** Data excerpt follows **
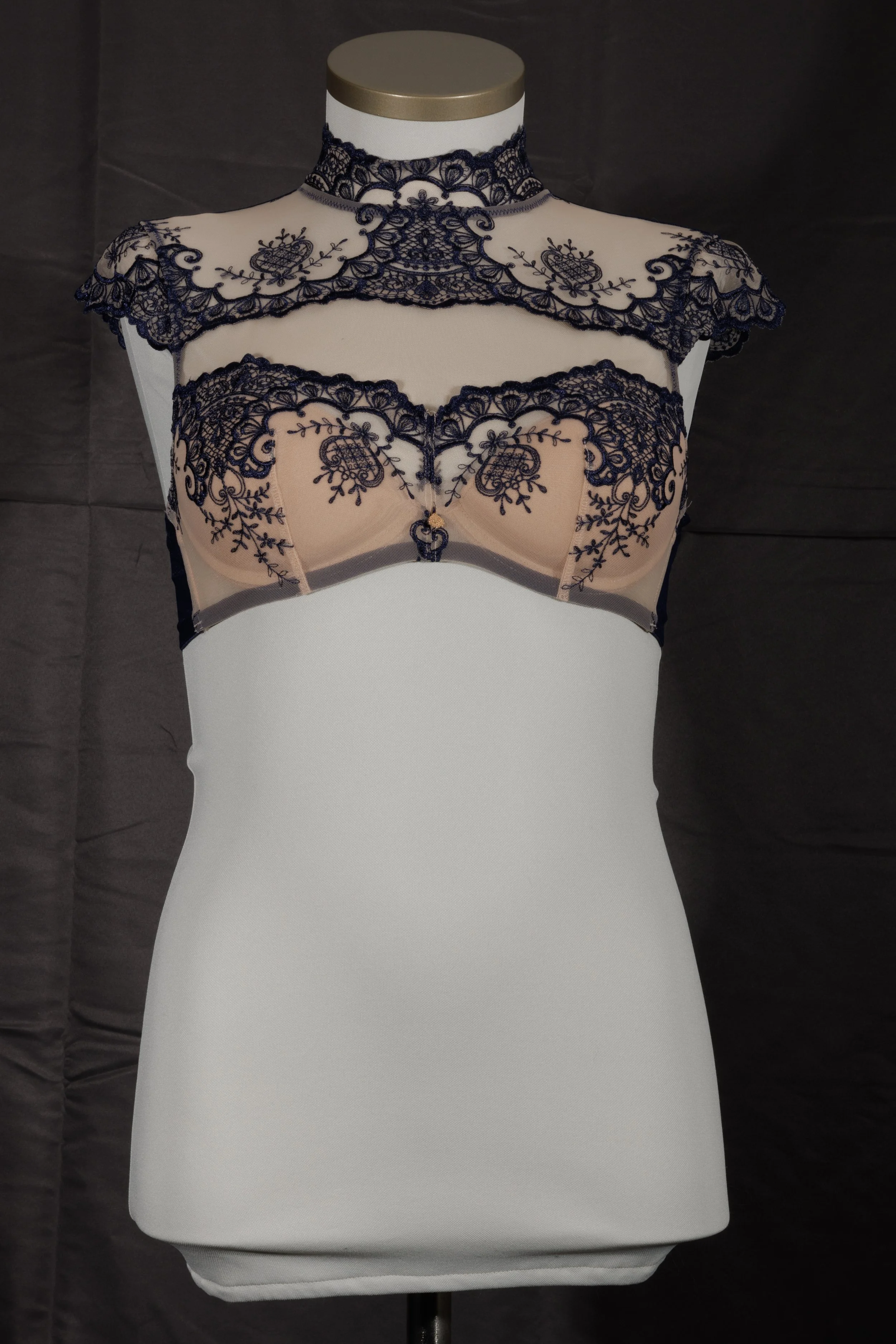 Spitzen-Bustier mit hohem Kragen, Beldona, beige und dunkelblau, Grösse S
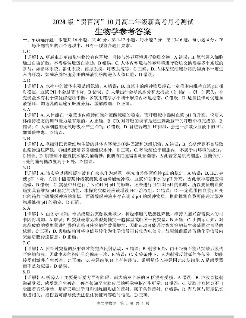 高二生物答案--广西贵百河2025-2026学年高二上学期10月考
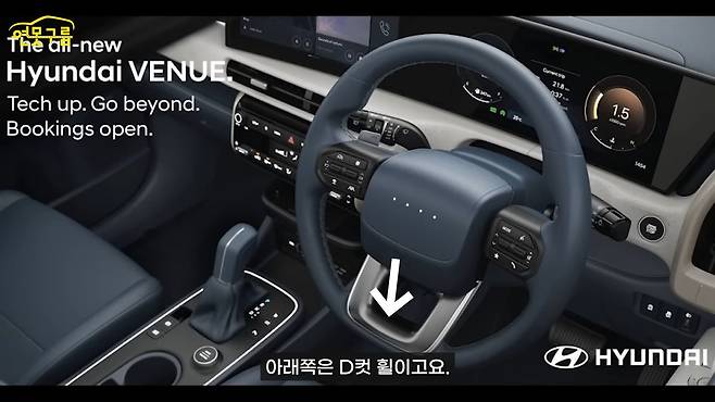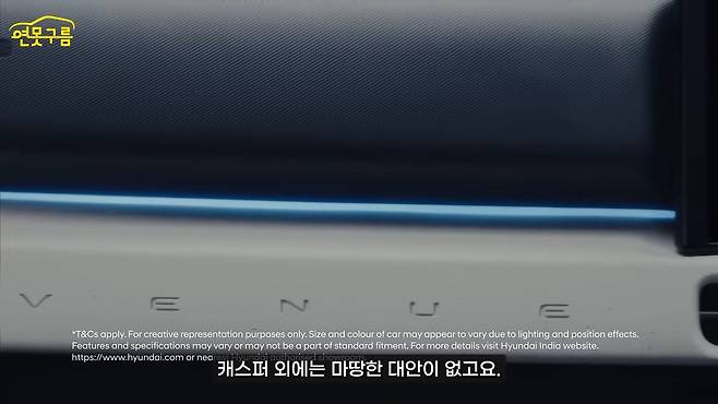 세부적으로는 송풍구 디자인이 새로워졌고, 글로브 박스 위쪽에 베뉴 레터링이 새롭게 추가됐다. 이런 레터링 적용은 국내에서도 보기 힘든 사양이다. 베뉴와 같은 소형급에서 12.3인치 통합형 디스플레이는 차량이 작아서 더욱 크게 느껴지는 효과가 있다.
** End of Data excerpt **
◆ **Your objective**
Drop every picture from the data, then output all the rest exactly.

◆ **Task result**
 Spitzen-Bustier mit hohem Kragen, Beldona, beige und dunkelblau, Grösse S
 高二生物答案--广西贵百河2025-2026学年高二上学期10月考
 세부적으로는 송풍구 디자인이 새로워졌고, 글로브 박스 위쪽에 베뉴 레터링이 새롭게 추가됐다. 이런 레터링 적용은 국내에서도 보기 힘든 사양이다. 베뉴와 같은 소형급에서 12.3인치 통합형 디스플레이는 차량이 작아서 더욱 크게 느껴지는 효과가 있다.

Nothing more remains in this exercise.